------ MATERIAL FOR THE TASK

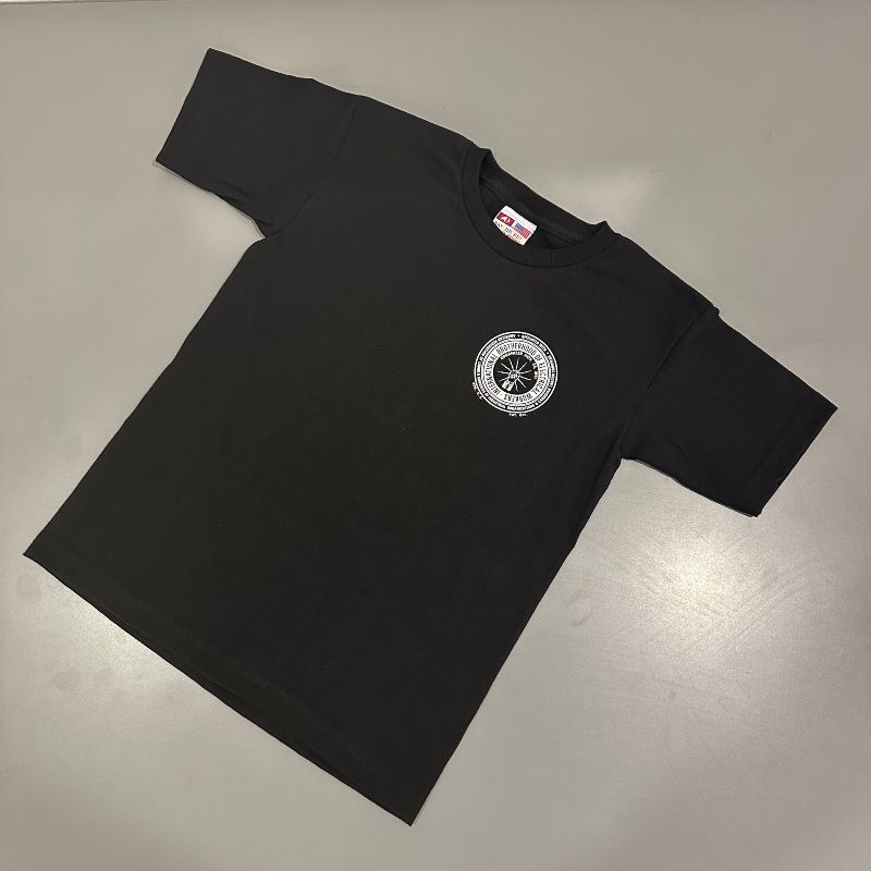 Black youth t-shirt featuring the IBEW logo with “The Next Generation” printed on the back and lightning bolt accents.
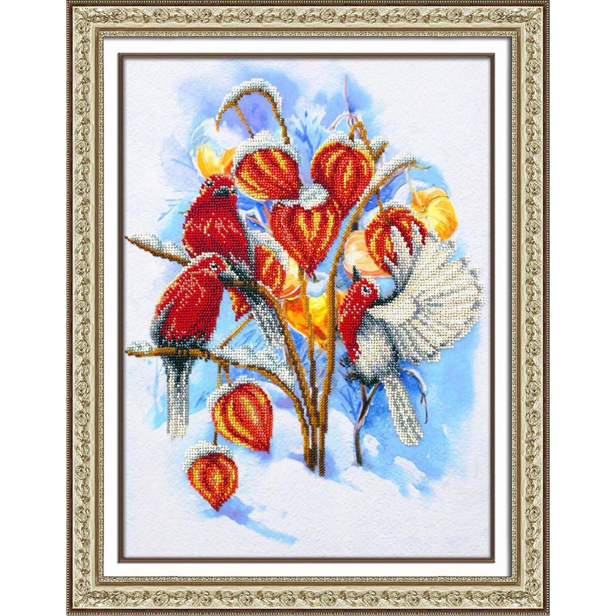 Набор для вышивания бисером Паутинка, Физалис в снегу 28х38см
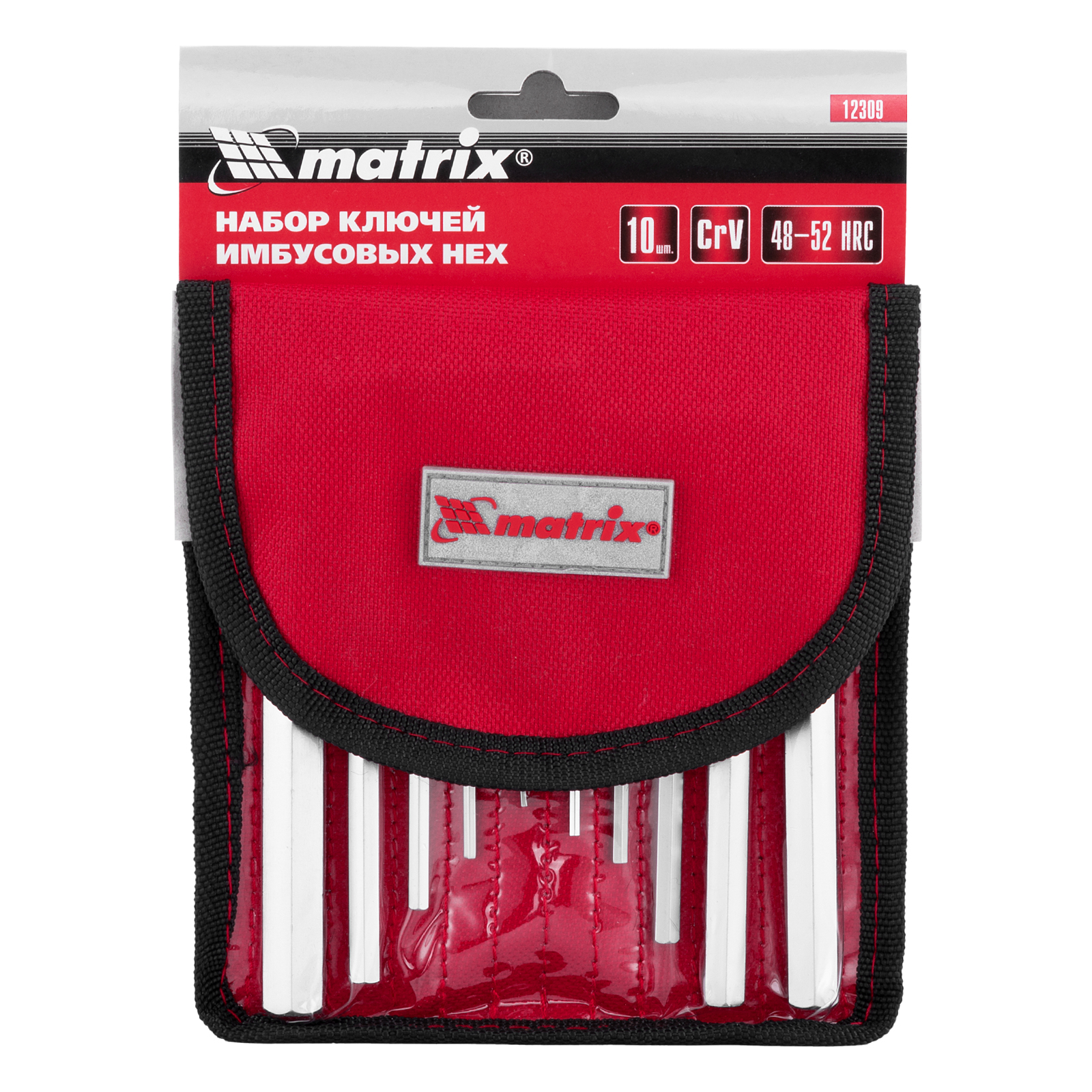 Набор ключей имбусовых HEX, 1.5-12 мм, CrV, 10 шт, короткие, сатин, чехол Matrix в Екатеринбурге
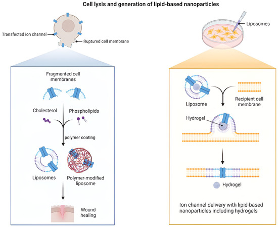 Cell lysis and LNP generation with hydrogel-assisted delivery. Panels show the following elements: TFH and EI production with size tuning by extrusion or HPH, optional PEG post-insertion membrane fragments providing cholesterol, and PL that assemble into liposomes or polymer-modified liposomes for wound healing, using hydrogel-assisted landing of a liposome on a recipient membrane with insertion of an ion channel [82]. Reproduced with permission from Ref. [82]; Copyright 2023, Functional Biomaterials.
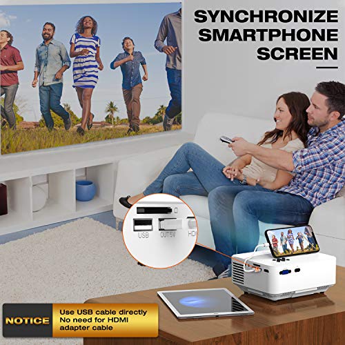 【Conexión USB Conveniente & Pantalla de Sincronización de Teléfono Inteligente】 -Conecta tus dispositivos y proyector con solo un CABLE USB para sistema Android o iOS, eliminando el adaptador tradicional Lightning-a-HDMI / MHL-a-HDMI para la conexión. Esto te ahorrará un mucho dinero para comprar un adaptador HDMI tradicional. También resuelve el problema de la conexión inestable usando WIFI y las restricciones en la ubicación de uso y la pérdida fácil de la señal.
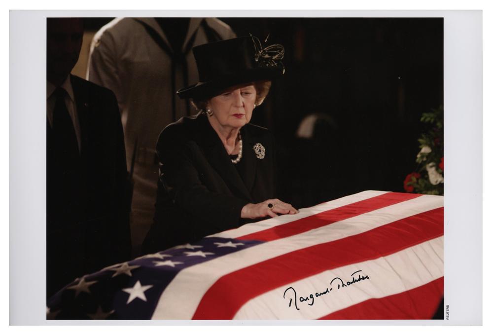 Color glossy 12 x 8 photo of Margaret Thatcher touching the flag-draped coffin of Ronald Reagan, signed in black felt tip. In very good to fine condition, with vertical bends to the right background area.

------------

* THE PROBLEM *
Output exactly the span of lines from the top of the listing through the line holding "Набор ключей имбусовых", and leave every picture out.

* EXERCISE SOLUTION *
 Black youth t-shirt featuring the IBEW logo with “The Next Generation” printed on the back and lightning bolt accents.
 Набор для вышивания бисером Паутинка, Физалис в снегу 28х38см
 Набор ключей имбусовых HEX, 1.5-12 мм, CrV, 10 шт, короткие, сатин, чехол Matrix в Екатеринбурге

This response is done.